«Русская словесность», 2009, №5 (ноябрь), с. 17-22.

Александр Курилов

Мёртвые ли души у героев «Мёртвых душ»?

Многие годы, начиная со школьной скамьи, нам внушали и внушили, что «Мёртвые души» Н.В. Гоголя это сатира, а под «мёртвыми душами» писатель подразумевал не только и не столько умерших крестьян — «ревизские души»

Многие годы, начиная со школьной скамьи, нам внушали и внушили, что «Мёртвые души» Н.В. Гоголя это сатира, а под «мёртвыми душами» писатель подразумевал не только и не столько умерших крестьян — «ревизские души», сколько изображённых им помещиков и чиновников. Такой взгляд на гоголевскую поэму почитался как бы истиной в последней инстанции и не подвергался никакому сомнению ни гоголеведами, ни академической наукой, не говоря уже о многочисленной учебной и научно-популярной литературе.

Однако ещё В.Г. Белинский в своё время предостерегал: «Нельзя ошибочнее смотреть на «Мёртвые души» и грубее понимать их, как видя в них сатиру». Тогда же С.П. Шевырев подчёркивал типичность гоголевских персонажей: «...Маниловых много и в столице... Коробочек пропасть по всей Москве... от взбаламошных Ноздрёвых также у нас тесно...». И никаких при этом аналогий с «мёртвыми».

Валериан Майков вообще отметил, что читатели поэмы увидели в её героях «бездну сил и страшную способность наслаждаться». А.В. Дружинин писал: «Гоголь любил Ноздрёва и Чичикова. Манилов и Собакевич имели место в сердце Гоголя именно потому, что гоголевское воззрение на людей отличалось могучею всесторонностью, равно охватывающей все стороны жизни...», что «герои творца «Мёртвых душ»... смелы... правдивы, они на своём месте и сами про то знают. Его Ноздрёвых, Маниловых и Плюшкиных никто не назовёт госпитальными фигурами, кисло взирающими на свет божий». И т.д.

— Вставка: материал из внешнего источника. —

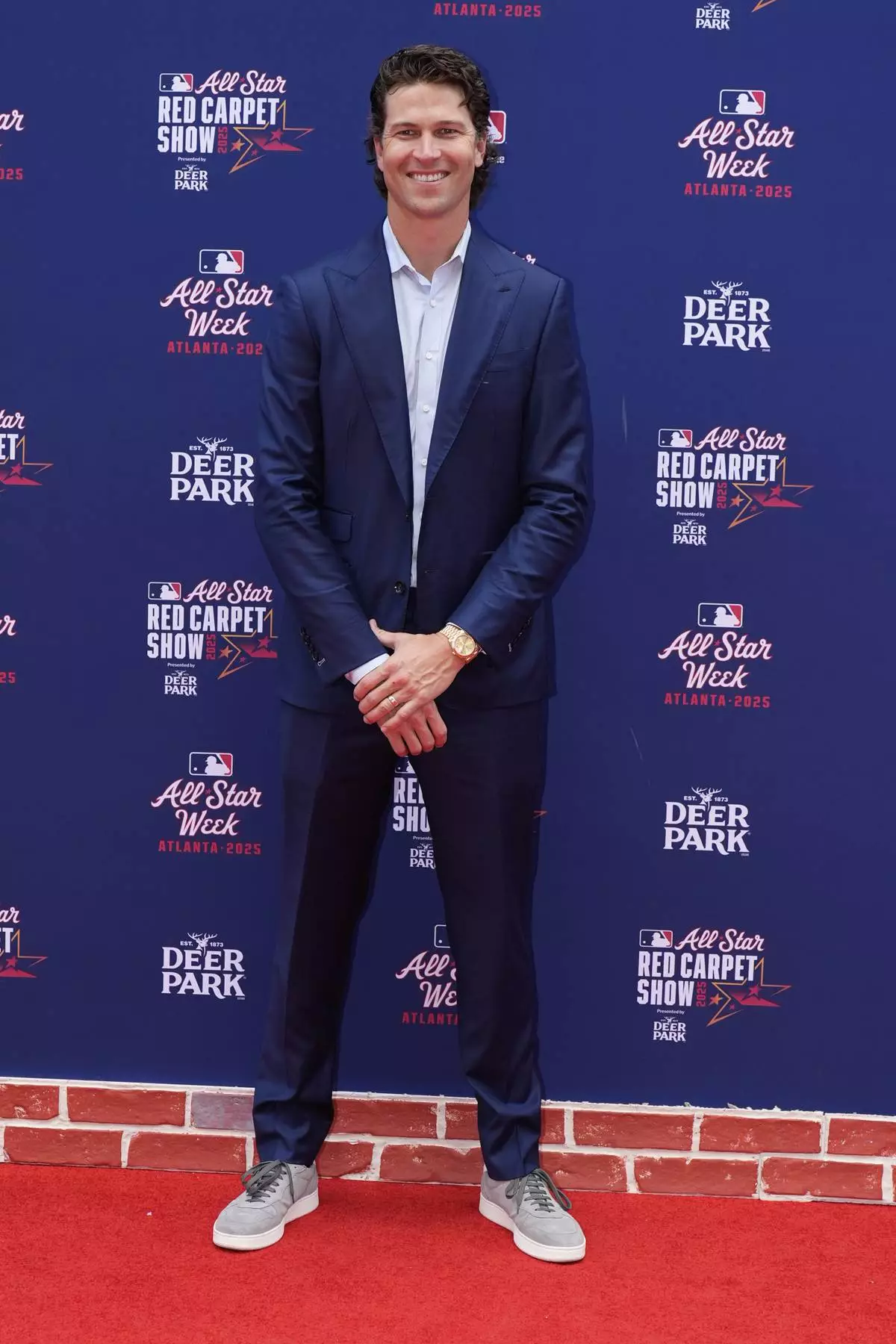 Texas Rangers' Jacob deGrom arrives on the red carpet for the MLB baseball All-Star game, Tuesday, July 15, 2025, in Atlanta. (AP Photo/Mike Stewart)
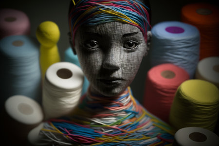 abstract emotional image of a female figure with obscured facial features, wrapped in flowing white strands. metaphor for confusion, fragility, and psychological pressure.
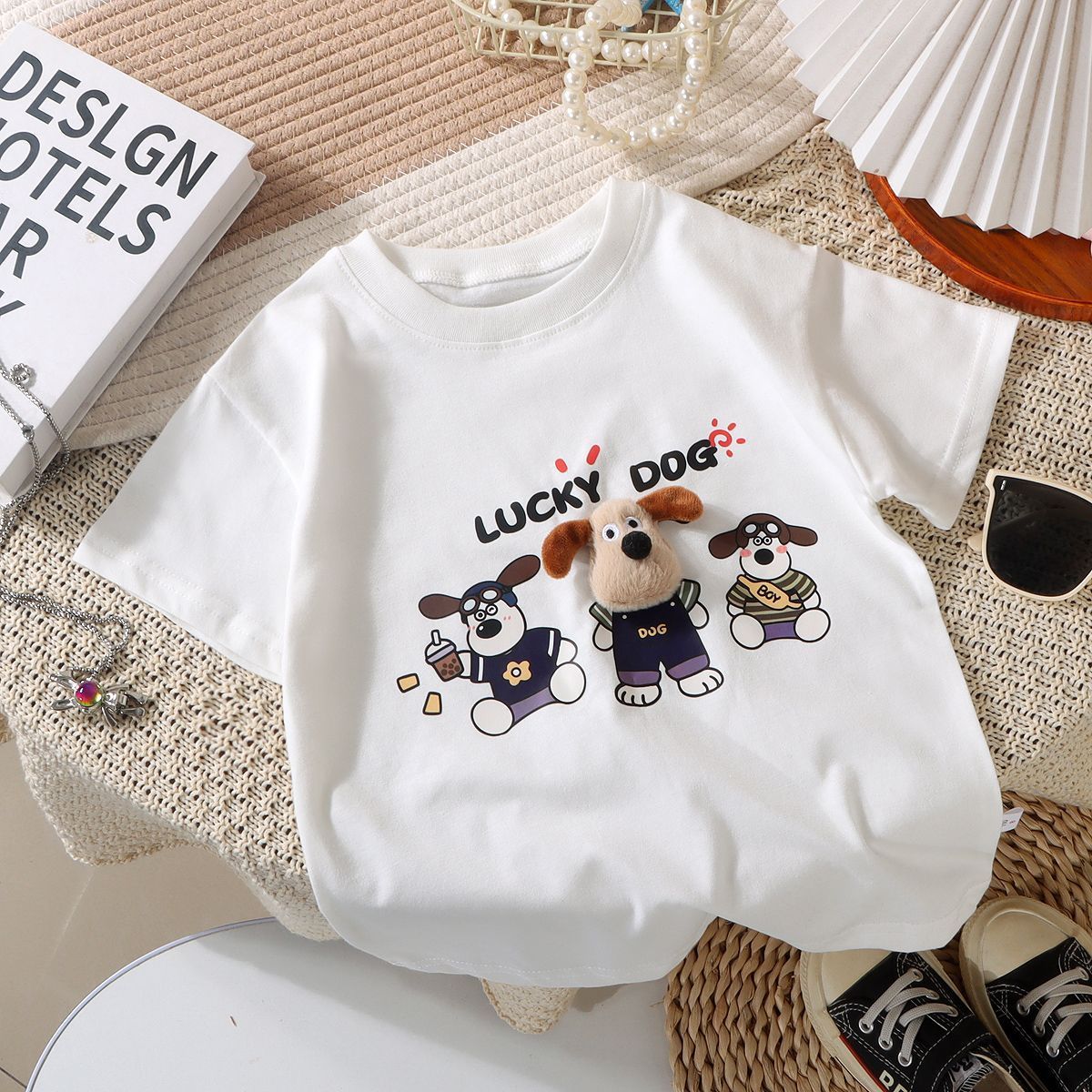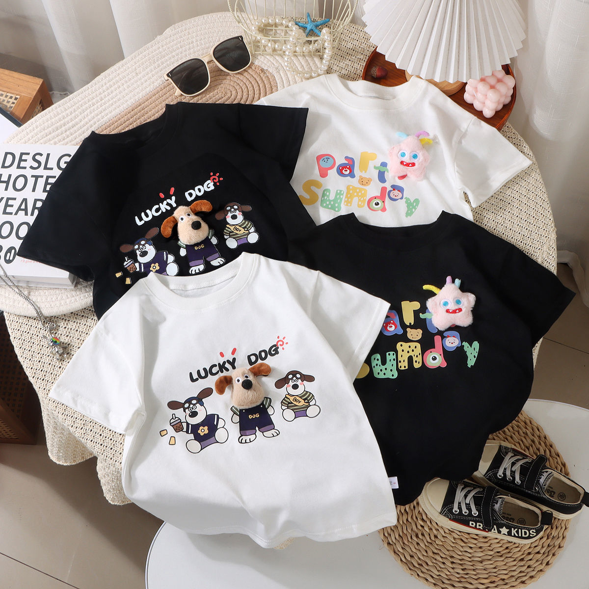 여름 새 인형 유행 반팔 한국 스타일 캐주얼 귀여운 카드 어린이 티셔츠 라운드 넥 디자인 패션 캐주얼스토어 가기

О какой сатире, о каких «омертвевших душах владельцев живых и мёртвых крестьянских душ»1 может при этом идти речь? Но такие речи ведутся. И не одно десятилетие, став общим местом всех работ о «Мёртвых душах» — «поэме, слишком уж перенаселённой мёртвыми — как в прямом, так и в переносном смысле»2.

Сегодня фактически каждый, кто в той или иной мере касается гоголевской поэмы, настойчиво и последовательно, с завидным упорством, «укладывает» её содержание в прокрустово ложе антитезы: «”мёртвая” и живая душа», «мёртвые души — как умершие крепостные и как духовно омертвевшие помещики и чиновники», «покупка мёртвых душ и мертвенность как характерологический признак живущего»3.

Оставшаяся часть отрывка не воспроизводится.